**Exercise directions**
Transcribe nothing but the lines from the one with "固すぎずしなやかな風合いのあるボーダードロップショルダーTEEです。" to the end of the entries, both included, keeping each exact and leaving every picture out.

**Given entries**
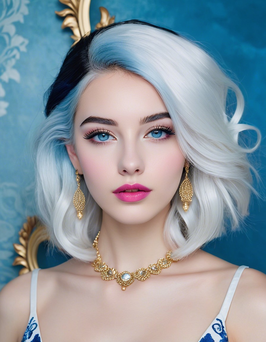 Beautiful and ethereal young woman, dreamy portrait, porcelain skin, almond-shaped bright pink eyes, black eyeliner, lush eyelashes, intense siren-like gaze, straight nose, deep duck blue lips, Long sleek blue and white hair, blue hair roots, white eyebrows, platinum and deep dark blue abstract background, gold and silver tones, ornate regal silver pin in hair, vintage color palette, cool tones, warm details, vintage artistic mood, Asian woman, light blue blush, purple eyeshadow, full lips, side profile, traditional hairstyle, vibrant glowing aura, intricate silver and sapphire earrings, embroidered dress, ethereal background, cold winter vibes, soft color palette, elegant lighting, intricate details, high-resolution digital art. Full body portrait of the woman in a gothic throne room. The atmosphere is a complex mixture of radiance and undersea light.
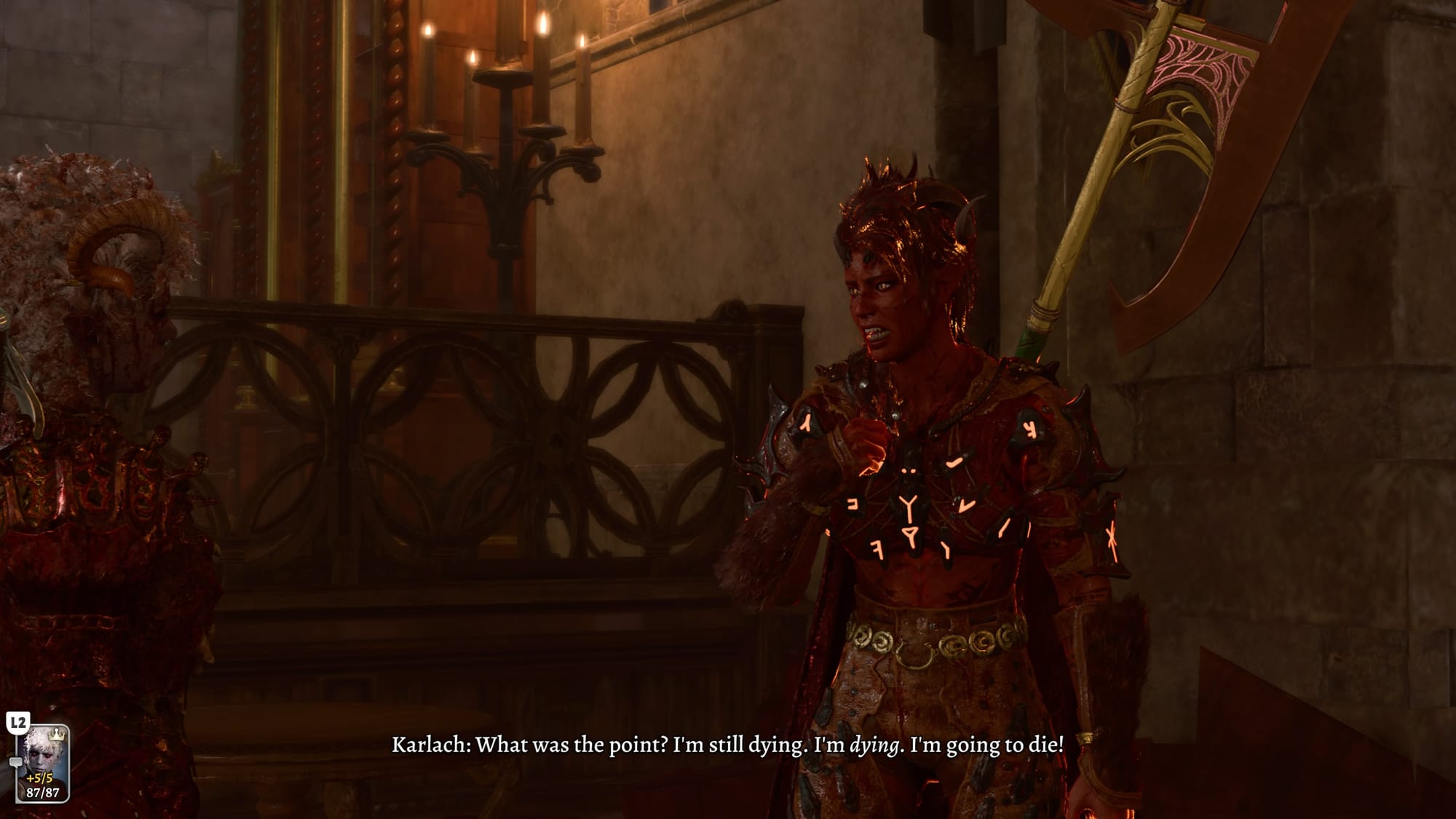 Thorm is not the only one to rage against the dying of the light. After Karlach kills Gortash, the man responsible for her own imminent death, she immediately realises that her attempt at reasserting control neither solved her problem nor relieved her anger and grief at the injustice of her condition:
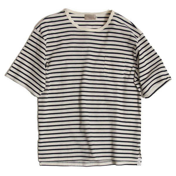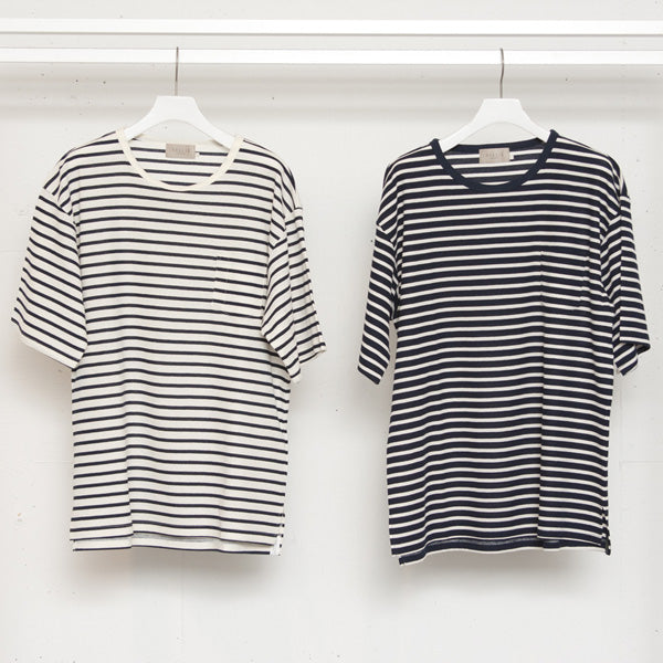 固すぎずしなやかな風合いのあるボーダードロップショルダーTEEです。
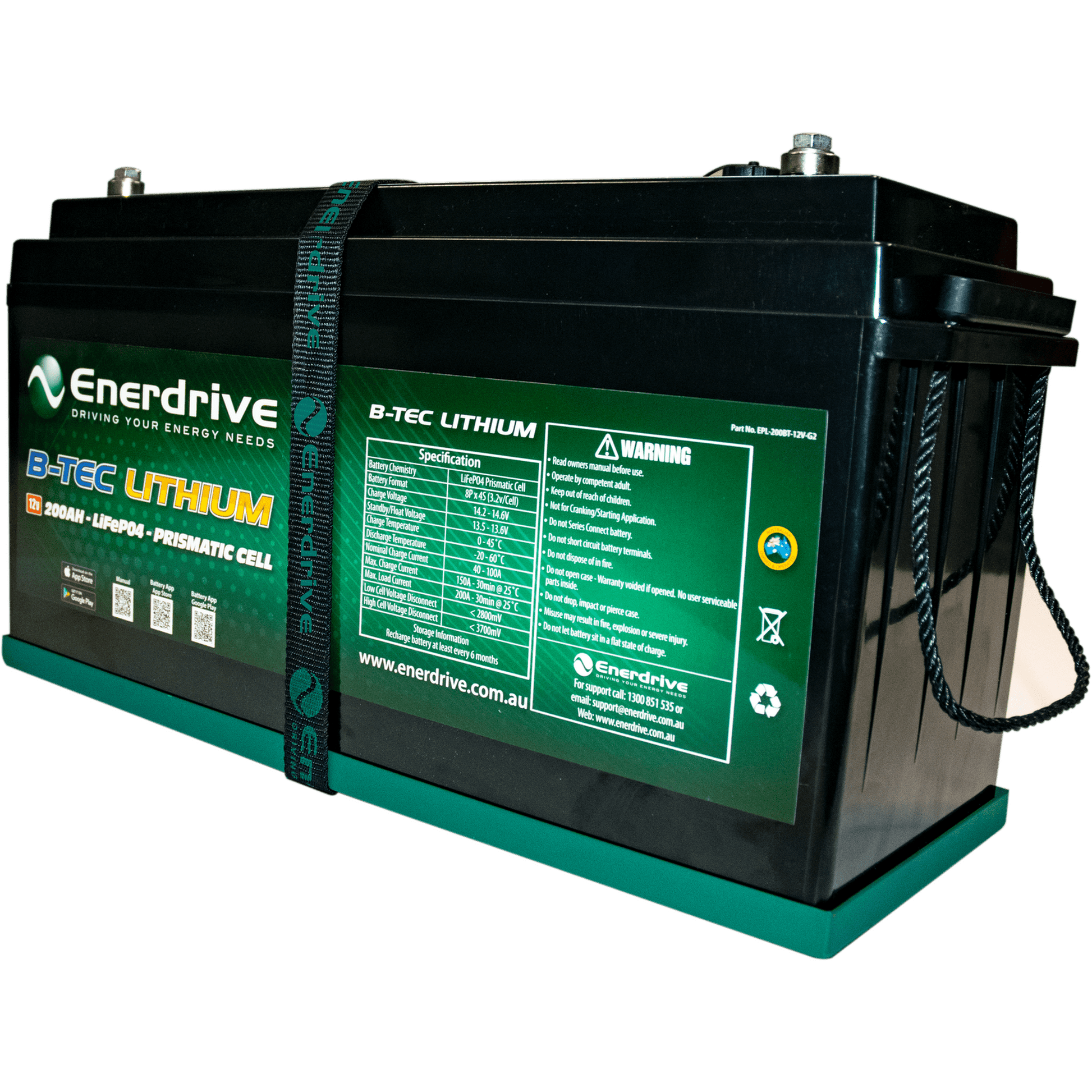 Enerdrive ePOWER B-TEC 200Ah Lithium Battery, 5 Year Warranty. The New Enerdrive Generation 2 (G2) B-TEC 200Ah Lithium Battery now comes with a 5 Year full replacement warranty. Enerdrive have released the new ePOWER B-TEC 200Ah Lithium Battery with new features including:
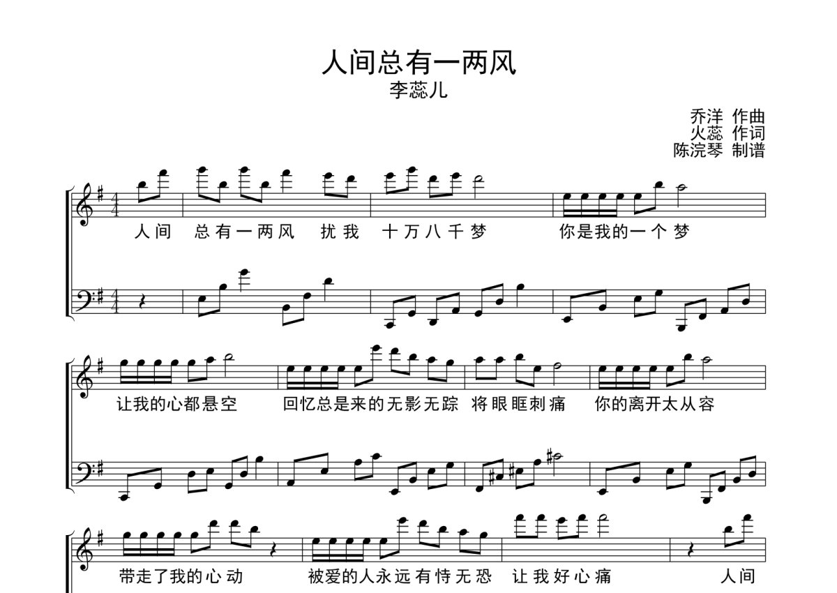 《人间总有一两风》是李蕊儿演唱的一首歌曲,简易版,适合新手练习使用,这份钢琴谱共有两张高清图谱,图谱由 @月隐云先知 编配上传,使用这份人间总有一两风钢琴谱,可以让你更加方便地掌握这首歌曲的演奏技巧,快来尝试吧。李蕊儿《人间总有一两风》钢琴谱,来自@陈浣琴制谱。G调原调钢琴五线谱,为极简版,附歌词,简单好弹,适合初学者练习使用。共两张高清图谱。
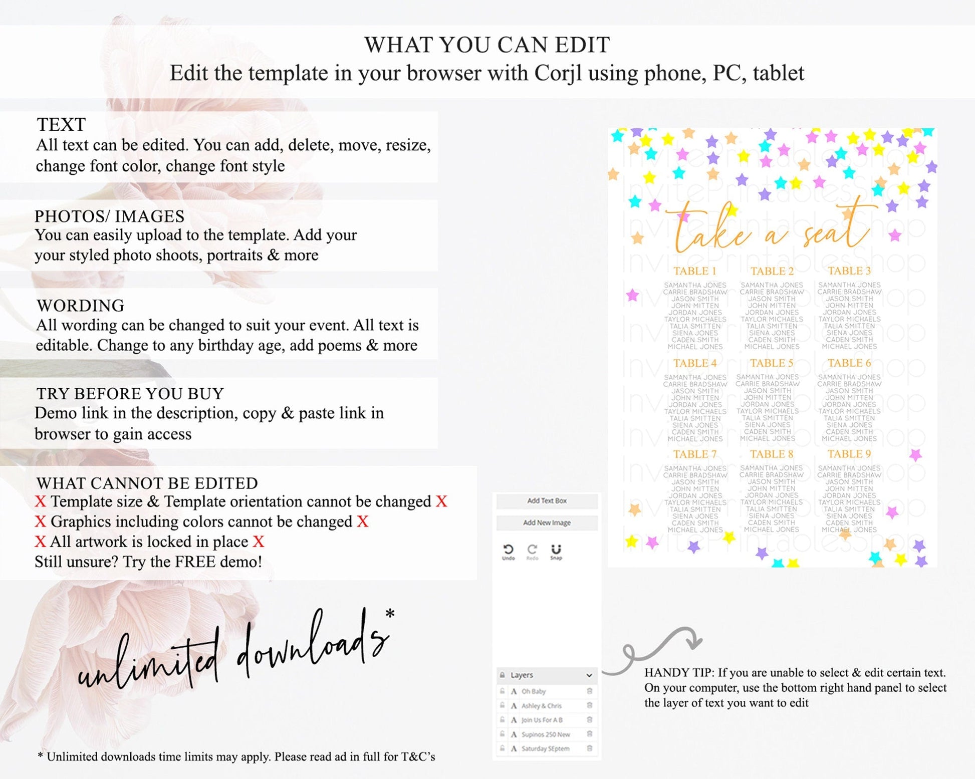 • After purchase, Corjl emails your editing link. Allow up to 15 minutes for delivery.

**Your solution**
 固すぎずしなやかな風合いのあるボーダードロップショルダーTEEです。
 Enerdrive ePOWER B-TEC 200Ah Lithium Battery, 5 Year Warranty. The New Enerdrive Generation 2 (G2) B-TEC 200Ah Lithium Battery now comes with a 5 Year full replacement warranty. Enerdrive have released the new ePOWER B-TEC 200Ah Lithium Battery with new features including:
 《人间总有一两风》是李蕊儿演唱的一首歌曲,简易版,适合新手练习使用,这份钢琴谱共有两张高清图谱,图谱由 @月隐云先知 编配上传,使用这份人间总有一两风钢琴谱,可以让你更加方便地掌握这首歌曲的演奏技巧,快来尝试吧。李蕊儿《人间总有一两风》钢琴谱,来自@陈浣琴制谱。G调原调钢琴五线谱,为极简版,附歌词,简单好弹,适合初学者练习使用。共两张高清图谱。
 • After purchase, Corjl emails your editing link. Allow up to 15 minutes for delivery.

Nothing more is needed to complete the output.